REQUIRED WORK:
Write the lines out again, from the top of the material to the line containing "Narzędzie wieloostrzowe służące", pictures excluded.

####################

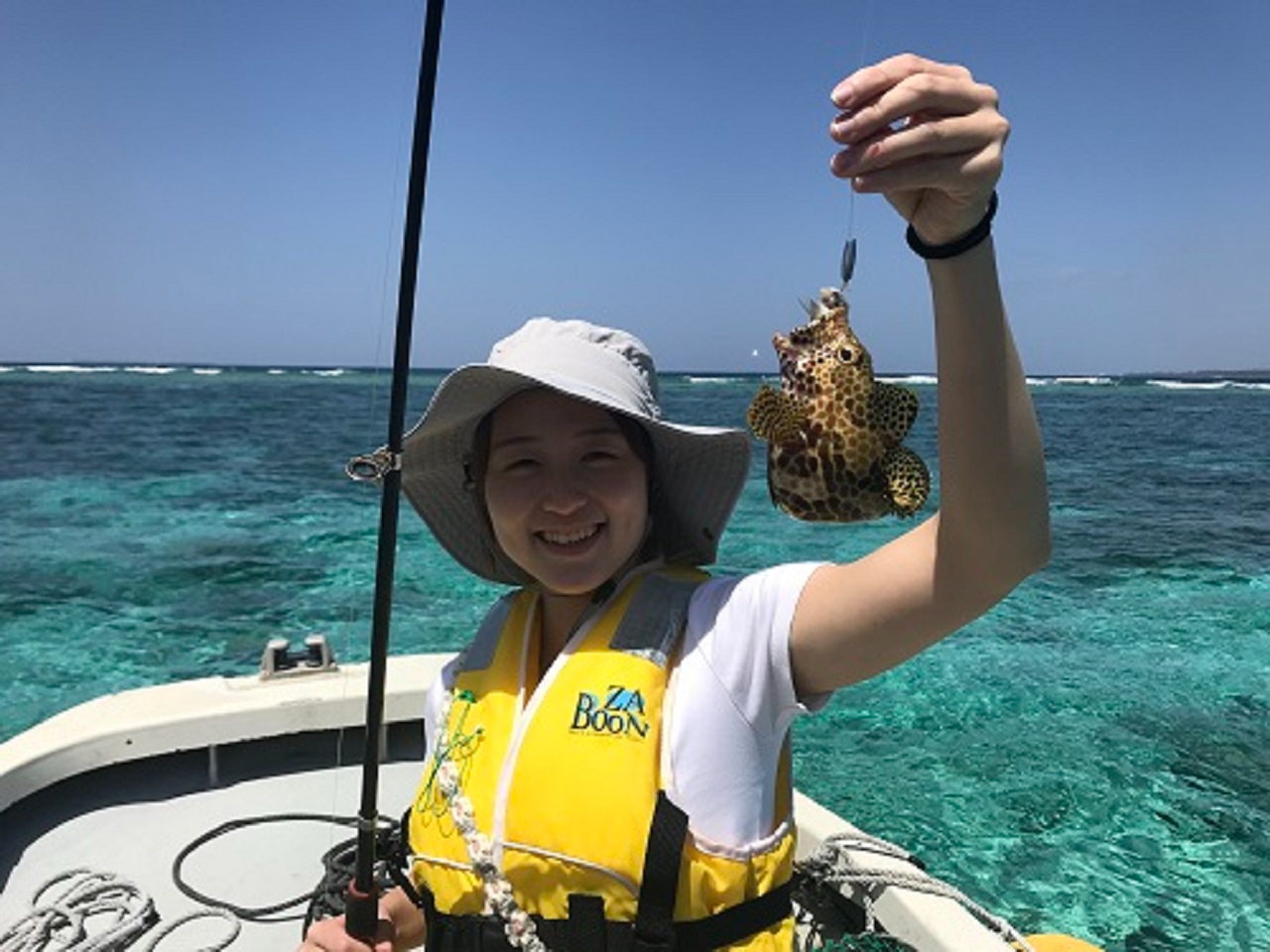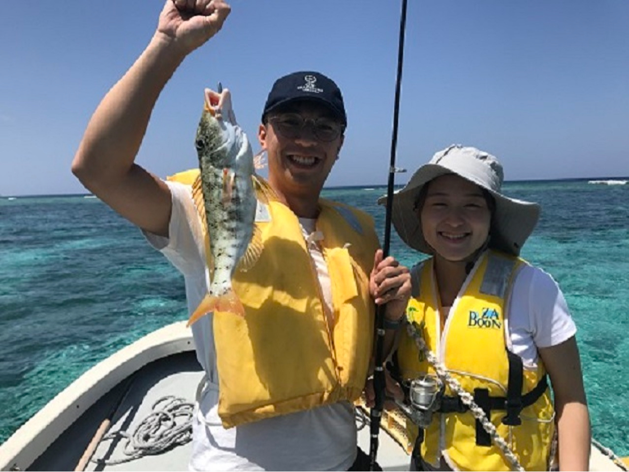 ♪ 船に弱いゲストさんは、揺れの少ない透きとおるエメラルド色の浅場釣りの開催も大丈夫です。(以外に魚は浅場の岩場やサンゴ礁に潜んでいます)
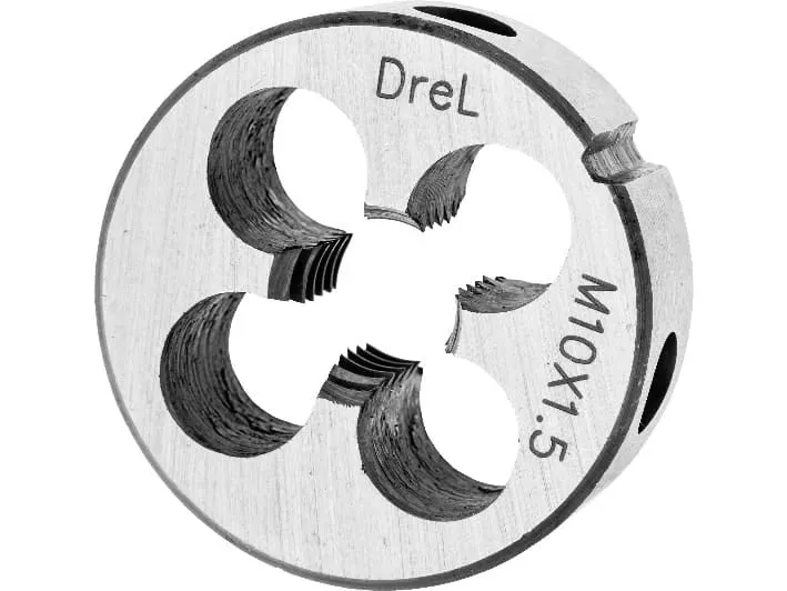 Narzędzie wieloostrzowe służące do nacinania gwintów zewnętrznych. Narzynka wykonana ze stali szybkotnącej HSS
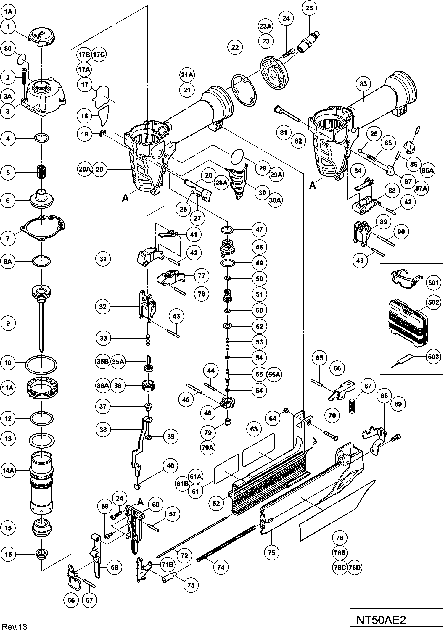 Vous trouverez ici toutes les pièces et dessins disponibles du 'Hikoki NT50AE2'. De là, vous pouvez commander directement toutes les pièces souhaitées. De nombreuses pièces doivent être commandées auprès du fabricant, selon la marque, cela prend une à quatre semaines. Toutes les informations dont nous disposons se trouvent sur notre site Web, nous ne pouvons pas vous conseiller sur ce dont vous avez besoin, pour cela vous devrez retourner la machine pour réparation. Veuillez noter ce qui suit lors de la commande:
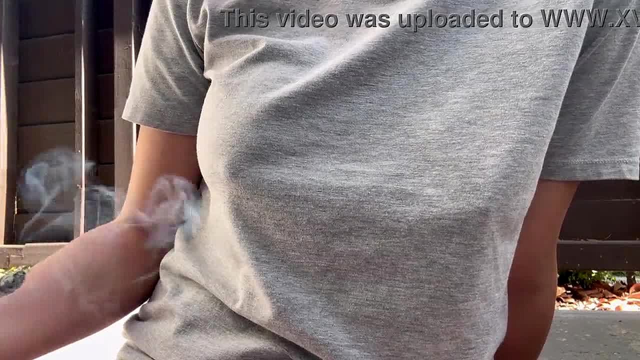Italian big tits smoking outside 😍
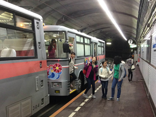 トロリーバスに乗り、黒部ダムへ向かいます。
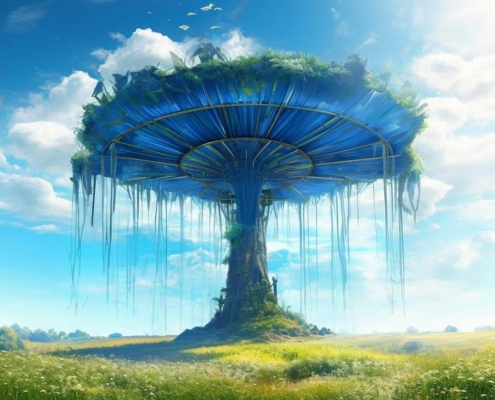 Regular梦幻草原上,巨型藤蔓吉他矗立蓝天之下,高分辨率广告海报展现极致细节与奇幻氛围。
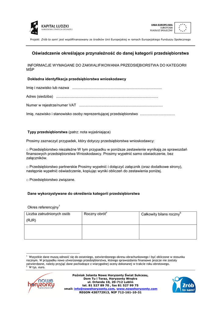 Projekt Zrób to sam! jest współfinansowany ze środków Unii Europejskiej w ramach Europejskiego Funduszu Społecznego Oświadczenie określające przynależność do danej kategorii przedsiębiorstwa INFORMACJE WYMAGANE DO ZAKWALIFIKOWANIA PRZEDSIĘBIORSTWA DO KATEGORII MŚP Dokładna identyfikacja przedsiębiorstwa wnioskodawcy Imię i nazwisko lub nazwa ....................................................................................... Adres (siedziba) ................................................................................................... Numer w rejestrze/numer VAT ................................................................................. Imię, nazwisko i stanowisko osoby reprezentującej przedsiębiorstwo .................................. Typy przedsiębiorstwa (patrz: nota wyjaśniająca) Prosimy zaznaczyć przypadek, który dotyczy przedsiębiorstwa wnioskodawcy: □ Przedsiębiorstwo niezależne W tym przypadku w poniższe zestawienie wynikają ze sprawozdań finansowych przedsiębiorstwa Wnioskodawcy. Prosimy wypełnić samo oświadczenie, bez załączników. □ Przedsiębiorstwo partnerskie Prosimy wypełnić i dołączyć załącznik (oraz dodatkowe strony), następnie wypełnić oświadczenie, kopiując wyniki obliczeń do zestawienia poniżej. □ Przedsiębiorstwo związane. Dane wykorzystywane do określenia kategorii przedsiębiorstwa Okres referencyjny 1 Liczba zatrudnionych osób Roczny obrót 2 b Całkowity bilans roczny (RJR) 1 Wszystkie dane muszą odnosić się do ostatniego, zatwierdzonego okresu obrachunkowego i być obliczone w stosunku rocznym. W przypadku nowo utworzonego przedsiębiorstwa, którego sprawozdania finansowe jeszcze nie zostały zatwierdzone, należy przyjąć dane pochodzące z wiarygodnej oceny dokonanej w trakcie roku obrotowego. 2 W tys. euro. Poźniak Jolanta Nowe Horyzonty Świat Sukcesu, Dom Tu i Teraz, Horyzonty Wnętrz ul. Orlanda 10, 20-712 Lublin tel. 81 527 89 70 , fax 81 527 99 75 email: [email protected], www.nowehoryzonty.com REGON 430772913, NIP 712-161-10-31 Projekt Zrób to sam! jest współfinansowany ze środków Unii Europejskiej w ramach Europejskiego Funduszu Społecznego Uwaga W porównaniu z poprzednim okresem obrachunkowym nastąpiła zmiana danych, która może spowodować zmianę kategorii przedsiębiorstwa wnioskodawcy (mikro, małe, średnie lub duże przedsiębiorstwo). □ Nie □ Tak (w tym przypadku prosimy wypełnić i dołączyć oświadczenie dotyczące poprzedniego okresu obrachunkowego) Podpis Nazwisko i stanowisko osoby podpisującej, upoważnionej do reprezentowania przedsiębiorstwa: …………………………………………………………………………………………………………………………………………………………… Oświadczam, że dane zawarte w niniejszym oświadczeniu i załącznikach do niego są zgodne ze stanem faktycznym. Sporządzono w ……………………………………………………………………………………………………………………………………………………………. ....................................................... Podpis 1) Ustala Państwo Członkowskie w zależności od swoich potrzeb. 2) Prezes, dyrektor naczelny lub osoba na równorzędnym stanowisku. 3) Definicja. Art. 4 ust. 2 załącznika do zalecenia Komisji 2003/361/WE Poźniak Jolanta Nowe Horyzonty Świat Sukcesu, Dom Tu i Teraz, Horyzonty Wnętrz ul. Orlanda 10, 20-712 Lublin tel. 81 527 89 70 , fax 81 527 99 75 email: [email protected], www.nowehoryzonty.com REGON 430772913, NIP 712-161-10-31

####################

EXPECTED ANSWER:
 ♪ 船に弱いゲストさんは、揺れの少ない透きとおるエメラルド色の浅場釣りの開催も大丈夫です。(以外に魚は浅場の岩場やサンゴ礁に潜んでいます)
 Narzędzie wieloostrzowe służące do nacinania gwintów zewnętrznych. Narzynka wykonana ze stali szybkotnącej HSS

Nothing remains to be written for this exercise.